*** Begin section ***
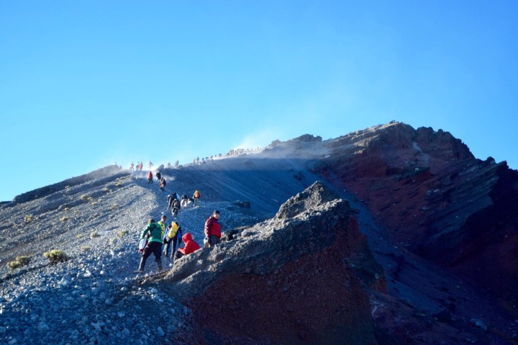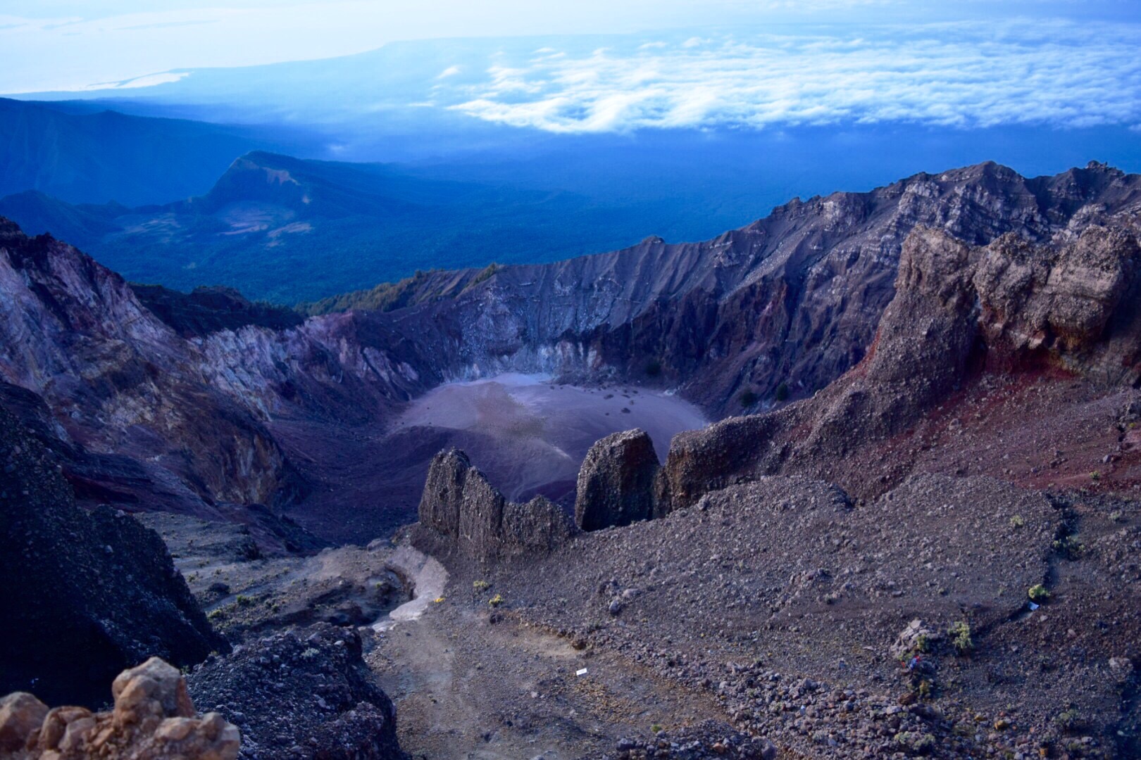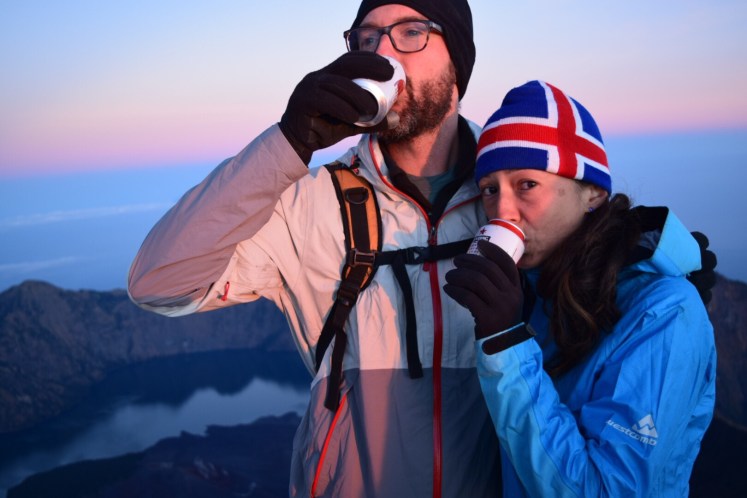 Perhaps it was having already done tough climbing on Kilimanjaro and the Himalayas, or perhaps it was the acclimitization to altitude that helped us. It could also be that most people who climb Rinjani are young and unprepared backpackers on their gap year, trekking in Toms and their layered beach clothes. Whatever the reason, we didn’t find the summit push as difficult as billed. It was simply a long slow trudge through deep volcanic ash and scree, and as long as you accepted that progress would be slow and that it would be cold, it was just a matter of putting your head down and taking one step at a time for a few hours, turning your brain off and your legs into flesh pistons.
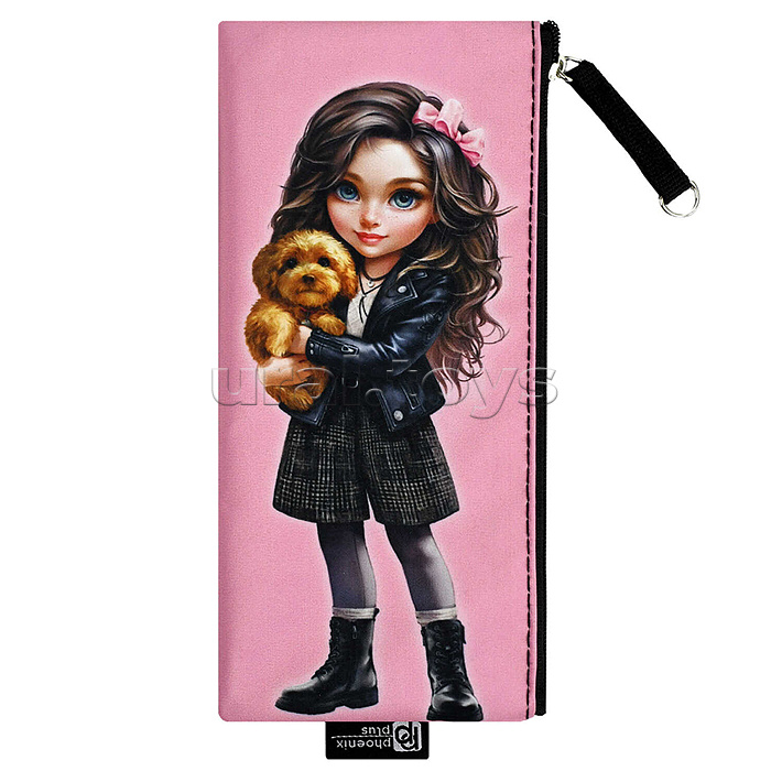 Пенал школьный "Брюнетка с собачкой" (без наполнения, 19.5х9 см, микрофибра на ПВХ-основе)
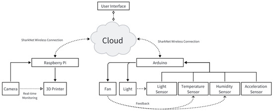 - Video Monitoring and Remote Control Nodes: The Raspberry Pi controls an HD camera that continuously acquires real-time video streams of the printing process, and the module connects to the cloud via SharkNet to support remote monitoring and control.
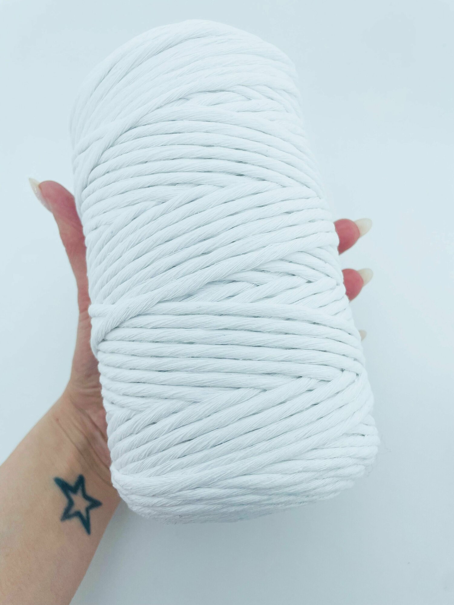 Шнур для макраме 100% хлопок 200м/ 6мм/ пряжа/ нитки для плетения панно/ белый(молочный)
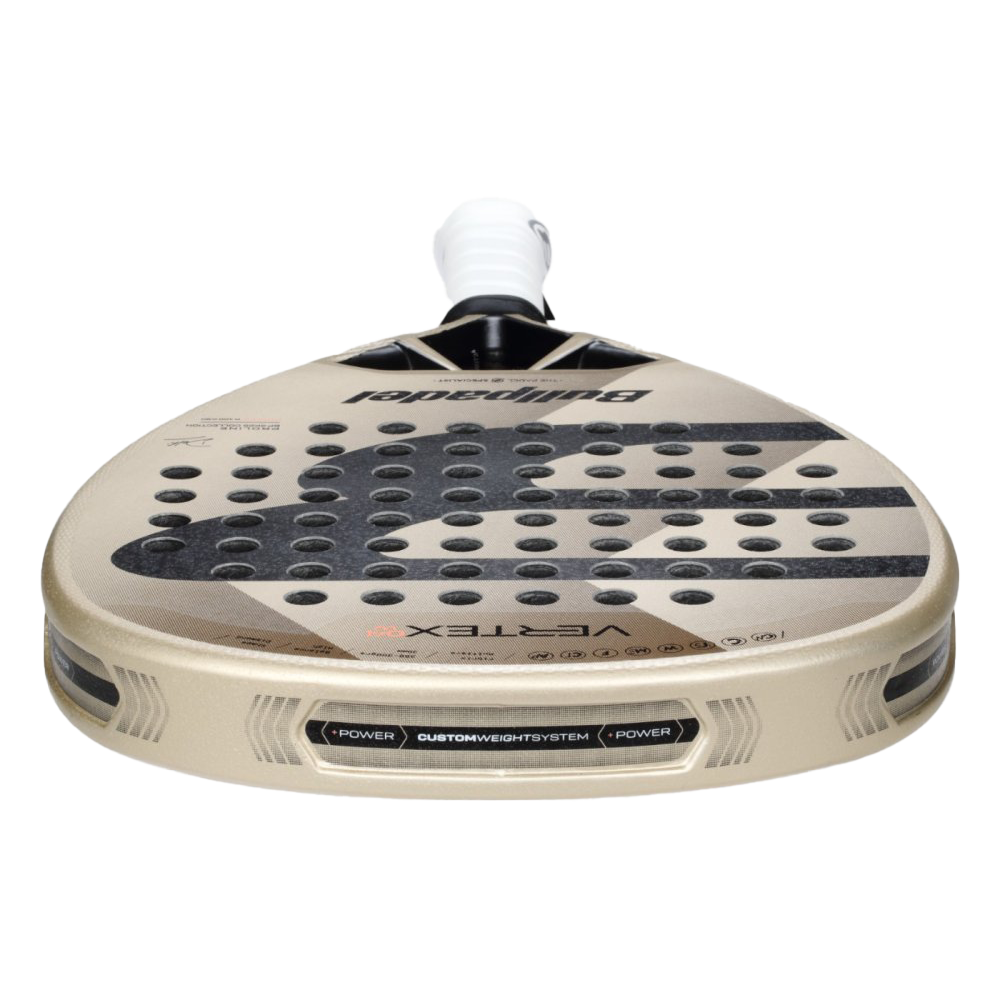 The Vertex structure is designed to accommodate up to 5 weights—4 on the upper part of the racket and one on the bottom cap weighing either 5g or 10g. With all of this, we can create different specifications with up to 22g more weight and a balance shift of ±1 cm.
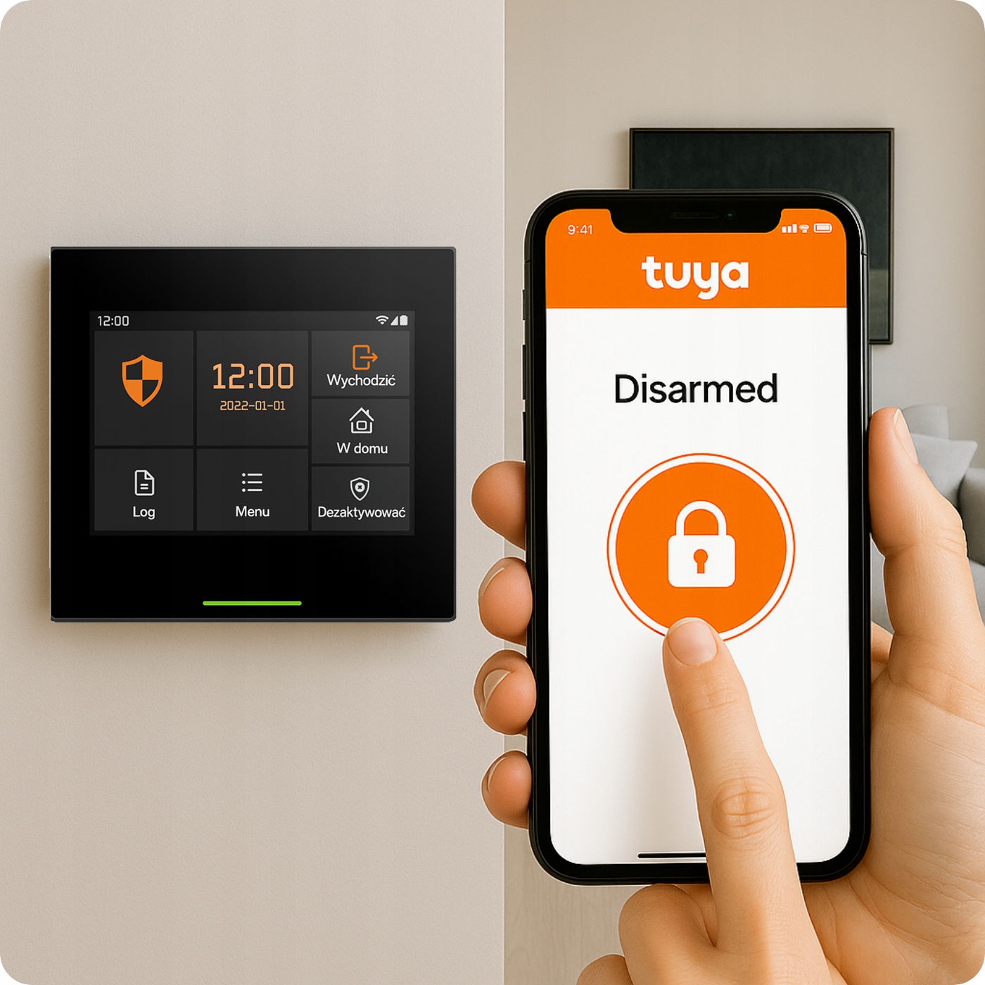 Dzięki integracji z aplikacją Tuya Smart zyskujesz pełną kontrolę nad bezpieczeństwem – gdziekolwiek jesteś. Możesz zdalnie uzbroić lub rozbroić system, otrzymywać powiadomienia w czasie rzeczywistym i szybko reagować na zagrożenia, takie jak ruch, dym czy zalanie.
*** End section ***
Your output must consist only of the lines from the line with "- Video Monitoring" through the final line of the data, both included, reproduced exactly and free of pictures.

 - Video Monitoring and Remote Control Nodes: The Raspberry Pi controls an HD camera that continuously acquires real-time video streams of the printing process, and the module connects to the cloud via SharkNet to support remote monitoring and control.
 Шнур для макраме 100% хлопок 200м/ 6мм/ пряжа/ нитки для плетения панно/ белый(молочный)
 The Vertex structure is designed to accommodate up to 5 weights—4 on the upper part of the racket and one on the bottom cap weighing either 5g or 10g. With all of this, we can create different specifications with up to 22g more weight and a balance shift of ±1 cm.
 Dzięki integracji z aplikacją Tuya Smart zyskujesz pełną kontrolę nad bezpieczeństwem – gdziekolwiek jesteś. Możesz zdalnie uzbroić lub rozbroić system, otrzymywać powiadomienia w czasie rzeczywistym i szybko reagować na zagrożenia, takie jak ruch, dym czy zalanie.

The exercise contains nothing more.